* **PROMPT**: From the line that contains "Credivip bella vista" to the end of the entries, copy each line exactly, though the pictures stay out.

* **Stored data**:
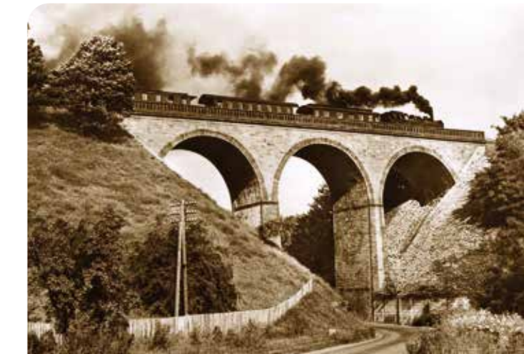
Unstrut-Viadukt bei Kefferhausen

Die Kanonenbahn Leinefelde-Eschwege war ein Teilstück der strategischen Eisenbahnlinie Berlin - Straßburg (Elsass-Lothringen), die nach dem Deutsch-Französischen Krieg 1870/71 sehr aufwendig gebaut und betrieben wurde. Bis 1880 waren die meisten Streckenabschnitte fertiggestellt und andere Bahnen wurden verstaatlicht, um die durchgehende Staatsbahnverbindung von Ost nach West zu schaffen. Die militärische Bedeutung der Bahnstrecke verlieh ihr den Namen Kanonenbahn. Heute ist dieser Abschnitt umgebaut zu einer Draisinenbahn, zu einem Rad- und Wanderweg, auf dem man ganz friedlich den Naturpark für sich „erobert“ kann.
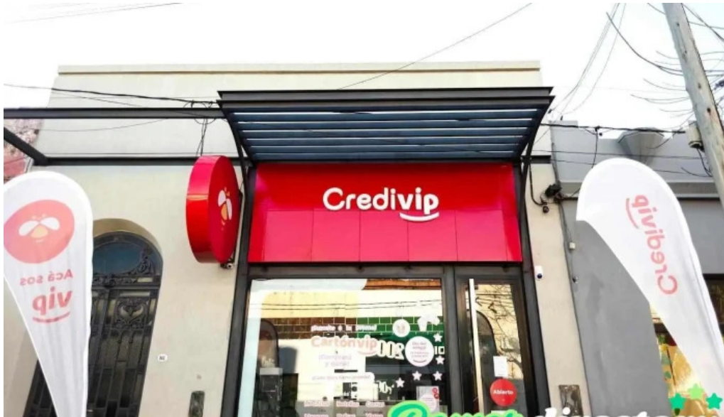
Credivip bella vista
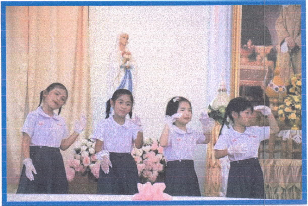
การแสดงของน้องอนุบาล 2 My friend
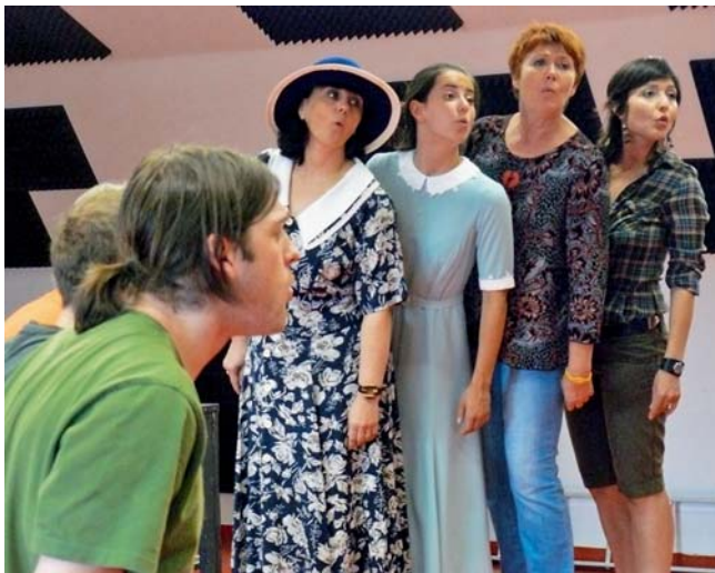
Festival zve na umění i dobrou zábavu.

Olomouc • Poslední srpnový týden bude v Olomouci patřit divadlu. Na druhém ročníku festivalu Olomoucké divadelní prázdniny se představí nejen domácí soubory, ale také hosté z Finska. Festivalový program odstartuje v pondělí 22. srpna alternativní soubor Teatteri Telakka z finského města Tampere. Hned dvakrát uvede v Olomouci pohybové představení s názvem Kama Sutra. V dalších dnech bude festival patřit domácím souborům. Členové činoherního souboru Moravského divadla Olomouc nabídnou ve středu 24. srpna komorní představení Nemravná píseň. Prostřednictvím humorových výstupů a písní připomíná režisér Milan Šotek éru prvorepublikového kabaretu Červená sedma. V Nemravné písni hrají

* **RESPONSE**:
Credivip bella vista
การแสดงของน้องอนุบาล 2 My friend
Festival zve na umění i dobrou zábavu.

Olomouc • Poslední srpnový týden bude v Olomouci patřit divadlu. Na druhém ročníku festivalu Olomoucké divadelní prázdniny se představí nejen domácí soubory, ale také hosté z Finska. Festivalový program odstartuje v pondělí 22. srpna alternativní soubor Teatteri Telakka z finského města Tampere. Hned dvakrát uvede v Olomouci pohybové představení s názvem Kama Sutra. V dalších dnech bude festival patřit domácím souborům. Členové činoherního souboru Moravského divadla Olomouc nabídnou ve středu 24. srpna komorní představení Nemravná píseň. Prostřednictvím humorových výstupů a písní připomíná režisér Milan Šotek éru prvorepublikového kabaretu Červená sedma. V Nemravné písni hrají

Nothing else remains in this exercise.